Captcha: in the "img_size" field is fixed, each time is [200,44], should be the image size meaning. After the "Input_points" is you click on the verification code in the inverted text coordinates, because the verification code in the seven text position is fixed, we just click on each word and then log in, and then review the elements to determine the coordinates of each word can be simulated click (is not enlightened), This step is self-clicking to get the coordinates, I took my test seven text coordinates in turn to take out:[22.796875,22],[42.796875,22],[63.796875,21],[84.796875,20],[ 107.796875,20],[129.796875,22],[150.796875,22].
Captcha_type: This field is interesting, there is a small trick to switch to digital English verification code. If it is set to "CN" is inverted text verification code, set to "en" is the digital English verification code, I did not set up here as "cn", digital English verification code online A lot, we can find their own. (The test does not fill this field is also the digital English verification Code)
Here the idea is very clear, we know the three important information, we know how to let the crawler login to know, not much to say directly on the code:
ImportRequestsTry: ImportCookielibexcept: ImportHttp.cookiejar as CookielibImportReImport Timedefget_xsrf ():#Get XSRF CodeResponse = Requests.get ('https://www.zhihu.com', headers=header)#print (Response.text)Match_obj = Re.match ('[\s\s]*name= "_XSRF" value= "(. *?)"', Response.text)ifMatch_obj:returnMatch_obj.group (1) return "'defGet_captcha ():#the captcha URL is named in the timestamp manner.Captcha_url ='HTTPS://WWW.ZHIHU.CDOM/CAPTCHA.GIF?R=%D&TYPE=LOGIN&LANG=CN'% (int (time.time () * 1000)) Response= Session.get (Captcha_url, headers=header)#Save verification code to current directoryWith open ('Captcha.gif','WB') as F:f.write (response.content) f.close ()#automatically open the verification code you just acquired fromPILImportImageTry: IMG= Image.open ('Captcha.gif') Img.show () img.close ()except: Passpoints= [[22.796875, 22], [42.796875, 22], [63.796875, 21], [84.796875, 20], [107.796875, 20], [129.796875, 22], [150.796875, 22]] Seq= Input ('Please enter the position of the inverted word \n>') s="' forIinchseq:s+ = str (points[int (i)-1]) +',' return '{"Img_size": [200,44], "input_points": [%s]}'% s[:-1]defzhihu_login (account, password):#Login is known ifRe.match ('1\d{10}', account):Print('Mobile phone Number login') Post_url='Https://www.zhihu.com/login/phone_num'Post_data= { 'Captcha_type':'cn', '_XSRF': Get_xsrf (),'Phone_num': Account,'Password': Password,'Captcha': Get_captcha (),} Response_text= Session.post (Post_url, Data=post_data, headers=header) Session.cookies.save ()if __name__=='__main__': Agent='mozilla/5.0 (Macintosh; Intel Mac OS X 10_12_6) applewebkit/603.3.8 (khtml, like Gecko) version/10.1.2 safari/603.3.8'Header= { 'HOST':'www.zhihu.com', 'Referer':'https://www.zhihu.com', 'user-agent': Agent,} session=requests.session () zhihu_login ('Enter the phone number of the login','Enter password for login')
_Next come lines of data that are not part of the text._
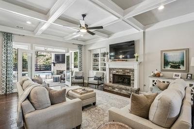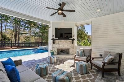 Set on two manicured acres in the prestigious Birmingham Estates community, this striking residence captures refined Southern living with modern flair. Featuring four bedrooms and three-and-a-half baths, the home blends effortless everyday comfort with luxury outdoor living. From the welcoming front porch to the sparkling sport pool and hot tub surrounded by marble decking, every space is designed for connection, relaxation, and entertaining in style. The open-concept floor plan showcases gleaming hardwood floors, abundant natural light, and thoughtful architectural details throughout. The primary suite on the main level provides a peaceful retreat with a spa-inspired bath and generous walk-in closet. The heart of the home centers around the warm fireside great room and gourmet kitchen— ideal for entertaining or everyday living—with an oversized island, custom cabinetry, and a casual dining area overlooking the backyard oasis. Upstairs, you’ll find spacious secondary bedrooms and an expansive recreation room, ideal for movie nights, gaming, or guest accommodations. STORAGE IS ABUNDANT throughout, including a three-car garage, an accessible 12' x 14' temperature-controlled storage room above the garage, and well-organized closets. The covered patio with fireplace and TV makes entertaining effortless year-round, while the manicured lawn offers plenty of space for play and outdoor gatherings. Situated in one of Cherokee County’s most desirable neighborhoods—known for its large estate lots, scenic setting, and charming mail pavilion—this home combines privacy, style, and convenience, just minutes from Milton, Alpharetta, and Crabapple.
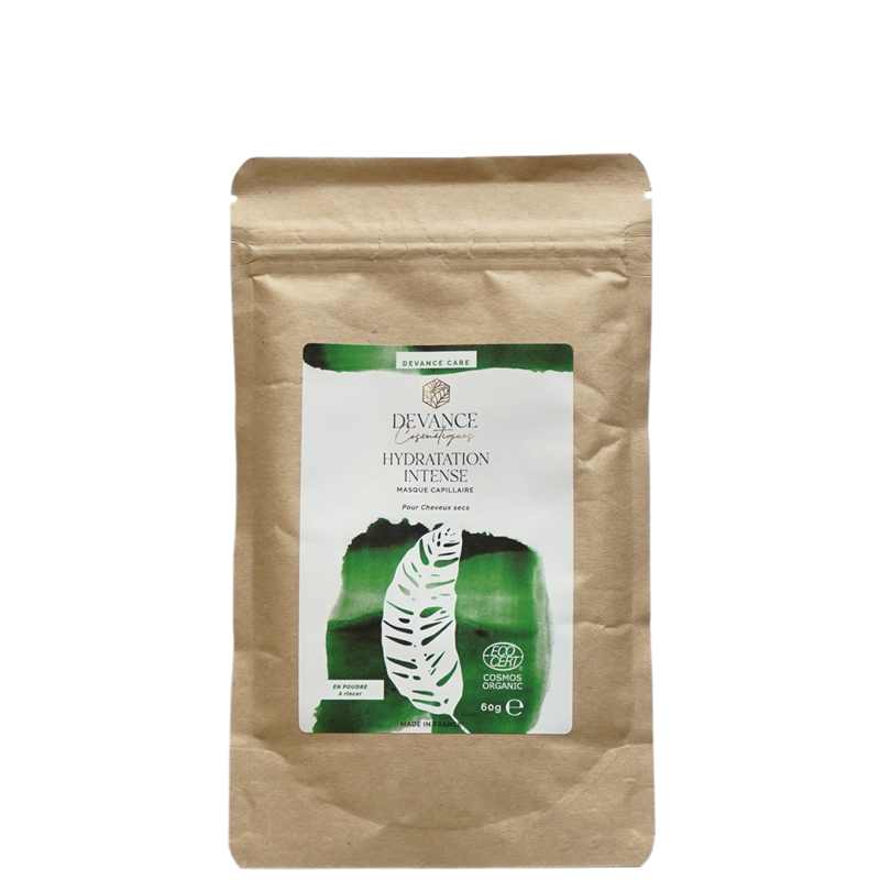 Le Masque capillaire Hydratation Intense Devance Cosmétiques est un soin en poudre concentré pour hydrater les cheveux secs sans les alourdir après le shampoing.
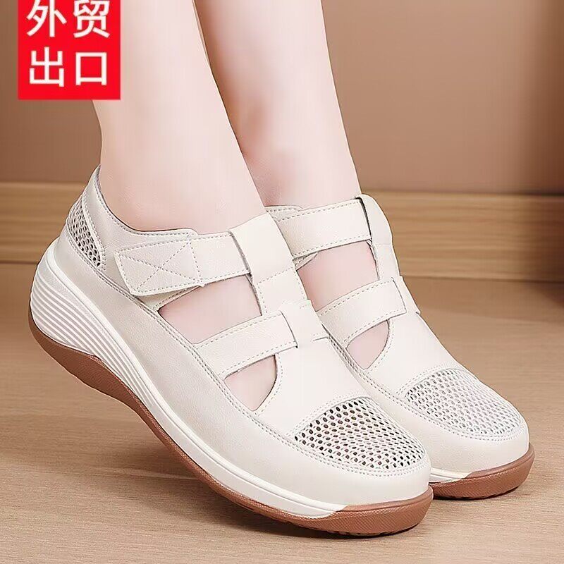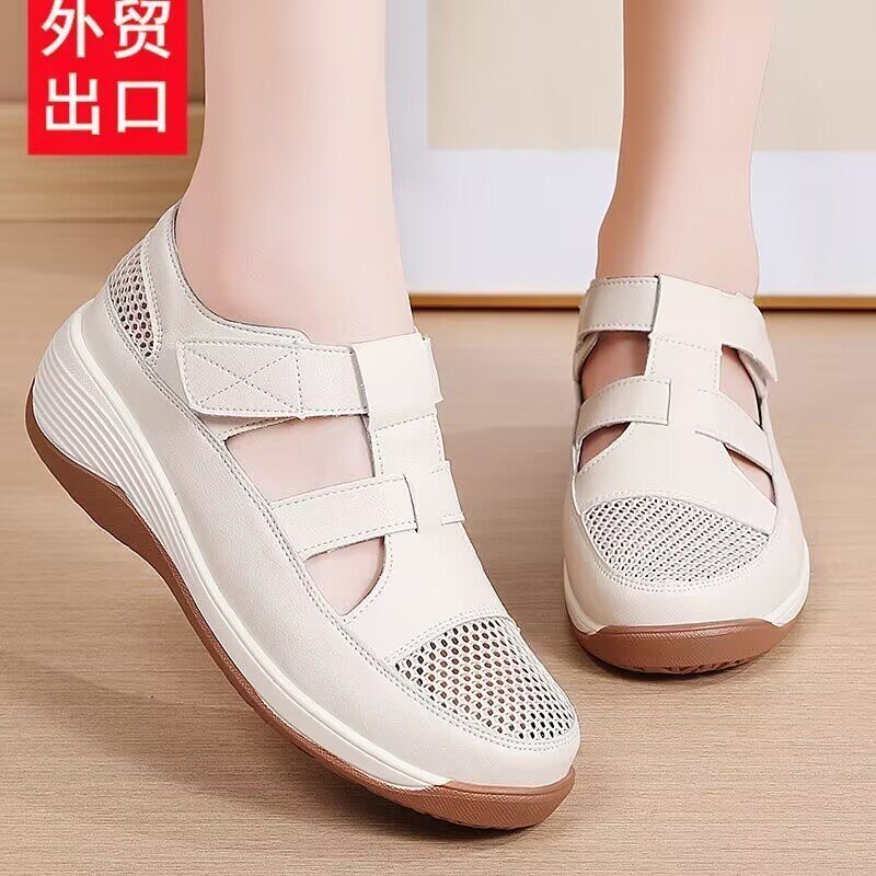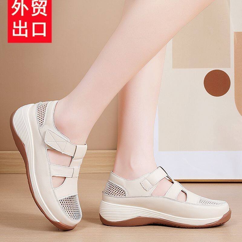 软皮软底女士凉鞋妈妈单鞋夏季新款百搭轻便透气休闲洞洞鞋女鞋
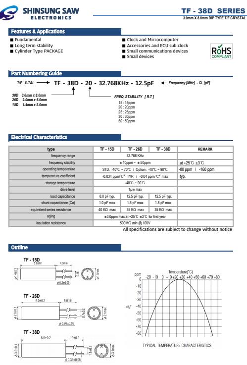 SHINSUNG晶振,TF-26D插件石英晶振,TF-26D-20-32.768KHz-12.5pF晶振,插件石英圓柱晶振最適合用于比較低端的電子產(chǎn)品,比如兒童玩具,普通家用電器,即使在汽車電子領域中也能使產(chǎn)品高可靠性的使用.并且可用于安全控制裝置的CPU時鐘信號發(fā)生源部分,好比時鐘單片機上的石英晶振,在極端嚴酷的環(huán)境條件下,晶振也能正常工作,具有穩(wěn)定的起振特性,高耐熱性,耐熱循環(huán)性和耐振性等的高可靠性能.
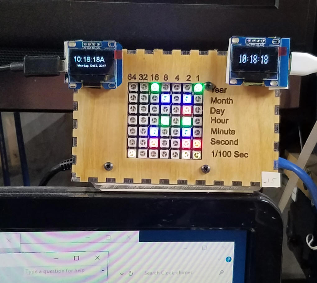 Introduction I have built a number of clocks over the years starting with a binary coded decimal kit that looked something like this when completed http://www.jerryselectronics.com/diykits/kbc00100/kbc00100.htm I recall building that in the 1970's. More recently I have build a number of digital clocks that synchronize with the time servers that can be accessed over the Internet. Several of them sit on top of my PC's monitor. The larger one is binary and the other two use an OLED display. All three get their time from the Internet. https://en.wikipedia.org/wiki/Network_Time_Protocol see: https://www.instructables.com/id/Simplest-ESP8266-Local-Time-Internet-Clock-With-OL/ My latest digital clock is based on this video and the code found there. https://www.youtube.com/watch?v=YUtqLjs-alo Many thanks to John Rogers who posted the video. It works very well but I wanted something that also gave me auditory announcements of the time. The classic way of doing this is with Westminster Chimes. Such chimes are found on most grandfather clocks as well as mantle clocks. While the Arduino that I am using for this project is capable of producing rudimentary sounds that could resemble Westminster Chimes I opted to use an MP3 player that sounded out recordings of the chimes. This gives much better audio quality and flexibility to use whatever sound you choose to play. One of my clocks is shown here. It continuously displays the time and sound the chimes at 15, 30, 45 minutes after the hour and on the hour where it chimes the number of the hour.

Presumably everyone read the code can read, I say a simple mouth important
very important to note is: must use the session to request the verification code and then use the session to submit the message, why not use requests? A session is a conversation, if using a session to visit a website, and then take this session back to request this site, it will bring the site to our cookie or the website put in the field of the session completely to bring back, The cookie in this is very important, when we visit, regardless of whether we have login, the server can put some value in our header, we use Pycharm debug to see the session:
You can see that there are a lot of cookies in it, the server sends us these cookies when we get the verification code, it must be passed on to the server before the authentication is successful. If you use requests when you log in, it will set up a session again, you can not get the verification code brought by the cookie to the server, which is the authentication failed.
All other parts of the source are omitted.